15 January 2014

Pets, Probate and Privacy

'More Americans Are Writing Their Pets Into Their Wills - Leaving Thousands of Dollars for the Care of Animals' in the 12 January Wall Street Journal reports that
As of 2012, 68% of U.S. households owned pets, up from 62% in 2010. Among cat owners, 9% had made financial provisions in their wills for their animals, up from 6% in 2010, according to the American Pet Products Association, which represents manufacturers of pet food and other products. From 2010 to 2012, the percentage of dog owners making such arrangements rose to 9% from 5%. 
No indication of course as to whether the American Pet Products Association data is representative.

'Wills as Public Documents - Privacy and Property Rights' by Joseph Jaconelli in (2012) 71(1) The Cambridge Law Journal 148 comments
It is a long-established legal rule that the contents of a will, once it is admitted to probate, are available for inspection by any member of the public. This article is the first examination of this remarkable rule, its possible rationales, and its attendant disadvantages. Particular attention is paid to the problems of the ensuing loss of privacy. Legislative attempts to limit open access are considered together with non-legislative devices used for the same purpose: the secret trust; and applications for the sealing of a will (a device especially prevalent in the case of royal wills).
Jaconelli notes that
A long-standing feature of certain national newspapers has been a regular column which gives a brief summary of the wills of recently deceased persons. Those who are selected for inclusion in these columns will have been distinguished in life by fame or wealth (or both). Each entry typically gives the value of the estate together with some details of the main bequests. The affairs of those who were neither famous nor rich also attract the attention of the press, but do so more sporadically on the basis of such factors as strikingly unusual testamentary dispositions. The same range of materials is also to be found in local and provincial newspapers. What these lack in circulation figures by comparison with the national press is more than offset by the greater likelihood that the testator and the beneficiaries under the will are personally known to the readers. Such material, irrespective of its form, has been an aspect of the content of newspapers for so long that it scarcely provokes a second thought. Yet, on reflection, its presence calls for some explanation and justification since it involves disclosure to the public of the contents of a document that lays bare the closest emotional ties that the testator will have formed during his or her lifetime. In the legal systems that are based on the common law, characterised as they are by freedom of testamentary disposition, there is the greatest scope for testators to give expression to those emotional ties. This stands in marked contrast to the forced heirship regimes that are characteristic of civil law systems (for instance), where a person may freely dispose by will of only some fraction of his total estate. In these there must necessarily be a correspondingly reduced interest in disclosing the contents of a will. 
In reporting the contents of wills the press is merely availing itself of a facility that is open to all. In English law the basis of that entitlement is section 124 of the Supreme Court Act 1981 (as amended):
All original wills and other documents which are under the control of the High Court in the Principal Registry or in any District Probate Registry shall be deposited and preserved in such places as may be provided for and directions given in accordance with. ... the Constitutional Reform Act 2005; and any wills or other documents so deposited shall, subject to the control of the High Court and to probate rules, be open to inspection.

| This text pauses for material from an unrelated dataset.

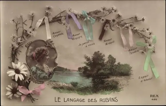 Ak Le Langage des Rubans, Amour Candide, Amour Sincere, Je pense a vous, Bänder, Frauenportrait

The general right of access is qualified by the probate rules in question: namely, the Non-Contentious Probate Rules 1987. Rule 58 stipulates that a will or other document referred to in section 124 “shall not be open to inspection if, in the opinion of a district judge or regis- trar, such inspection would be undesirable or otherwise inappropriate”. No criteria, it should be noted, are provided on the basis of which inspection of a will might be deemed neither desirable nor appropriate. In addition, section 125 of the Supreme Court Act provides a facility whereby, subject to the payment of an administrative fee, an applicant is entitled to be supplied with a certified copy of any will that is open to inspection. 

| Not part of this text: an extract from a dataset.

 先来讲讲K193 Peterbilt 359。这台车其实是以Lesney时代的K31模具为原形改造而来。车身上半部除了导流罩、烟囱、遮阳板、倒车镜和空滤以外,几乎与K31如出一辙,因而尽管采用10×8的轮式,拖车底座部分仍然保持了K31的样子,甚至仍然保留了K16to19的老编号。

The existence of the right of access, in whatever form, is remarkable enough. That the personal information capable of being gleaned from such searches may be freely disseminated to a mass readership calls for particularly compelling justification. Yet in the very substantial literature on privacy it is impossible to find more than a few lines on the subject of the inspection, and publication of the contents, of wills. The Younger Committee on Privacy has given it the most attention. The Committee viewed the statutory availability of wills to applicants as falling within the public sector, and hence outside its terms of reference. On the separate issue of disclosure of their contents by the media, it saw no stronger case for restricting such accounts than it did for restricting further dissemination of any other information that was publicly available. In this regard the Committee went against the findings of a survey that it had commissioned on how various institutions and phenomena that impinge on the privacy of individuals (for example, credit rating agencies and closed circuit television) were perceived by the public. Under the heading “Publication of Will”, 77 per cent. of those canvassed were of the opinion that this was an invasion of privacy while 71 per cent. believed that it should be prohibited. Clearly, then, opinion is divided on the question of public access to the contents of wills. The purpose of this article is to assess the arguments in favour of publicity and privacy respectively.